The National Anthem is a 1962 choral and orchestral arrangement of God Save the Queen by Benjamin Britten. The arrangement was written for the Leeds Festival. It has been described as an "extraordinary progression from pianissimo prayer to pealing, overlapping choral fortissimo".

==Instrumentation==
Britten arranged the anthem for an SATB chorus and an orchestra consisting of two flutes, two oboes, two clarinets in B-flat, two bassoons; four horns in F, two trumpets in C, three trombones, one tuba; a percussion section that includes timpani, cymbals, side drum, bass drum; and strings.

==Notable performances==
The piece was performed by Britten and the English Chamber Orchestra, along with the overture The Building of the House, at the openings of two English concert halls in 1967.

===The Queen Elizabeth Hall===
The Queen Elizabeth Hall (QEH) is a purpose-built music venue on the South Bank in London which opened in March 1967. Britten prepared a reduced orchestration of his arrangement for the ECO to play at the opening concert.

===Snape Maltings===
Snape Maltings is a converted industrial building in Suffolk.
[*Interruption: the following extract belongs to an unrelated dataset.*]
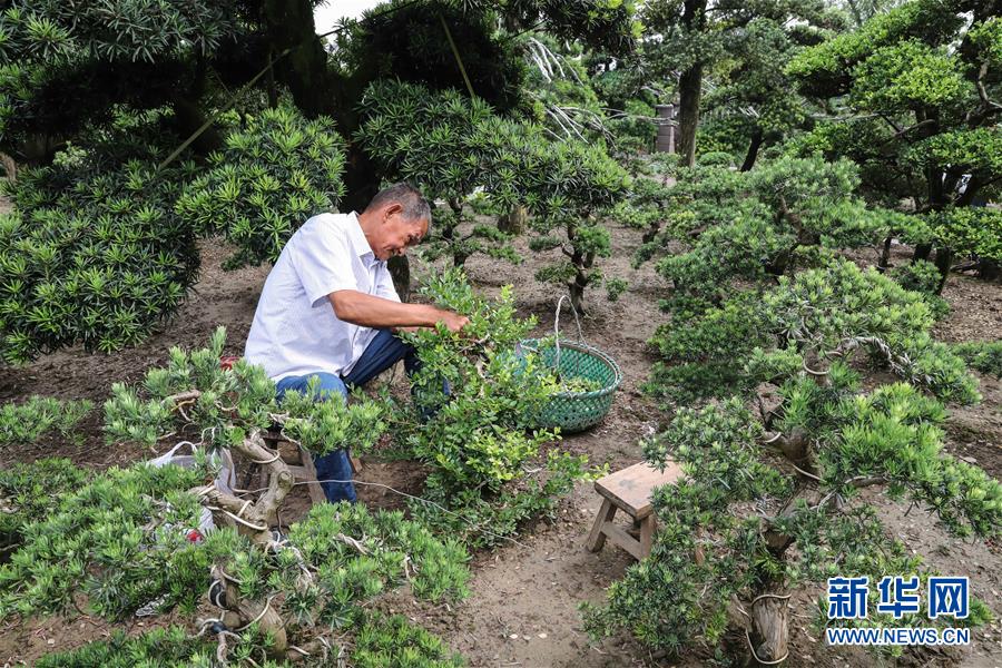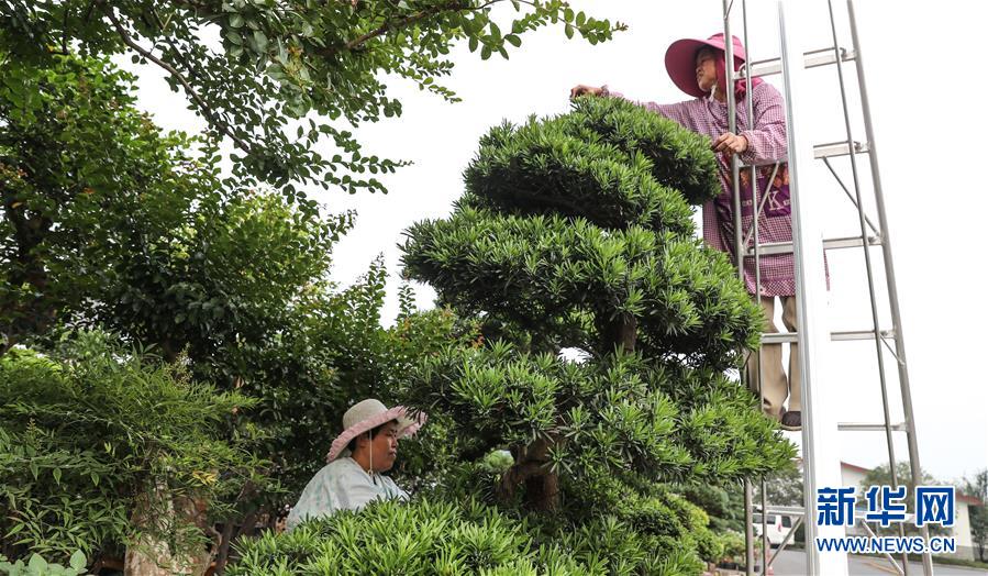 在如皋花木市場(chǎng),兩名園丁正在修剪苗木盆景(6月13日攝)。 新華社記者楊磊攝
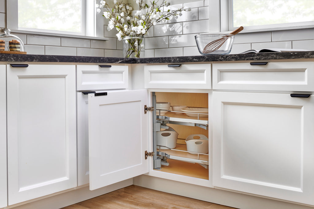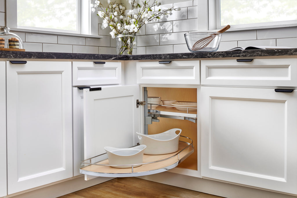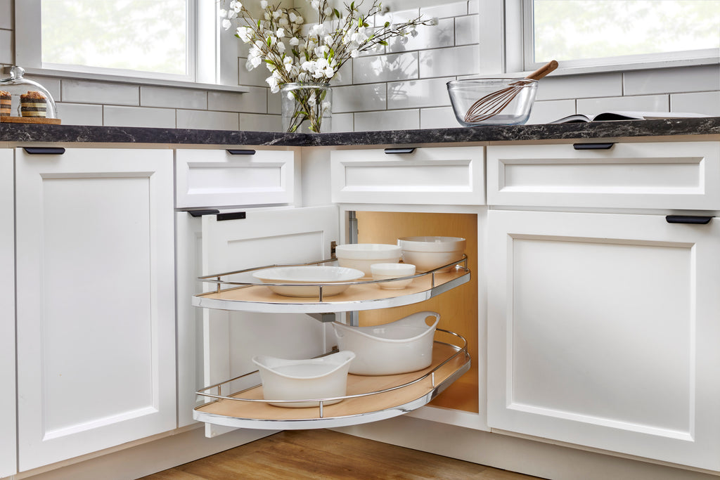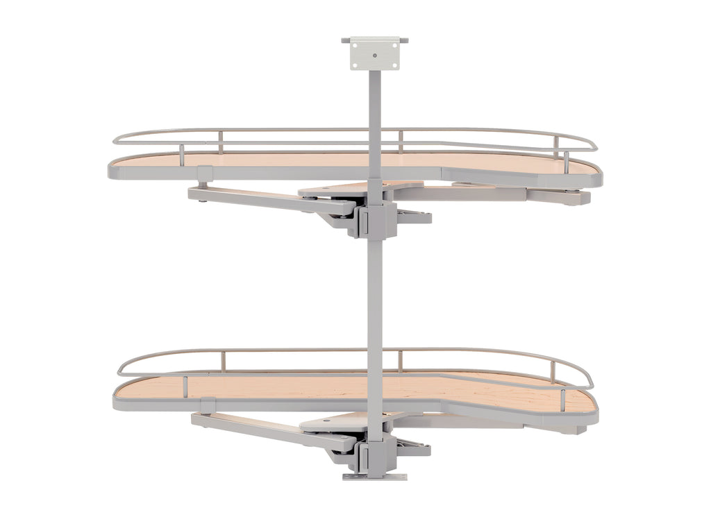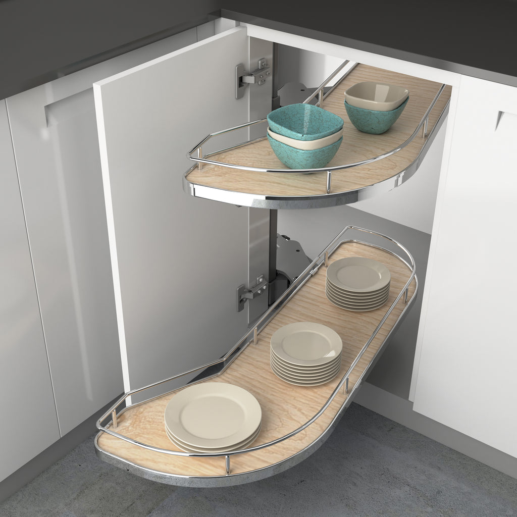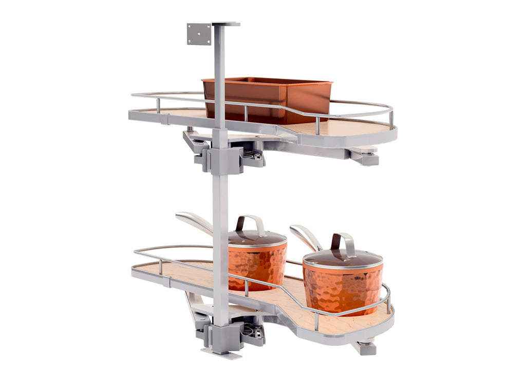 The 587 Series “Girasolo” Blind Corner Optimizer by Rev-A-Shelf® makes organizing your blind corner cabinet smooth sailing. This unique design features one or two pullout trays that easily glide directly out on an innovative soft-close pivot hardware system, eliminating the need for adjacent appliance clearance. The unique shelving system also allows for maximum storage capacity, while optimizing the usage of the hard-to-reach storage area.. Included: (2) Right Girasolo maple solid bottom/chrome trays, post mechanism and mounting hardware

The Queen presided over its opening as a concert hall in June 1967 and its reopening after fire in 1970.

===Royal Albert Hall===
Beginning in 2010, it has been played each year at the close of the Last Night of the Proms. In 2022, the event was cancelled due to the death of Queen Elizabeth II a few days earlier. In 2023, the arrangement was sung for the first time as God Save the King in honour of King Charles III.

==Release of recording==
The arrangement was released by Decca both as a single (45-71146) and as 45 EP (SEC 5119) 1962.
On the B side of the single was the Trumpet Voluntary in Sir Henry Wood's arrangement with the London Symphony Orchestra augmented by the trumpeters of Kneller Hall in a performance conducted by Kenneth Alwyn.
The tracks of the EP were:
- Track A1: Benjamin Britten, L.S.O. And Chorus - The National Anthem, Arranger Britten,
- Track A2: "Air" of Bach's Orchestral Suite No.3 in D Major, Sir Adrian Boult, with the Orchestra of the Royal Opera House, Covent Garden
- B1 Granville Bantock's arrangement of Sheep may safely graze from Bach's Cantata Was mir behagt, ist nur die muntre Jagd, BWV 208.
- B2 "Purcell's" Trumpet Voluntary (now known to be by Clarke) LSO conducted by Kenneth Alwyn.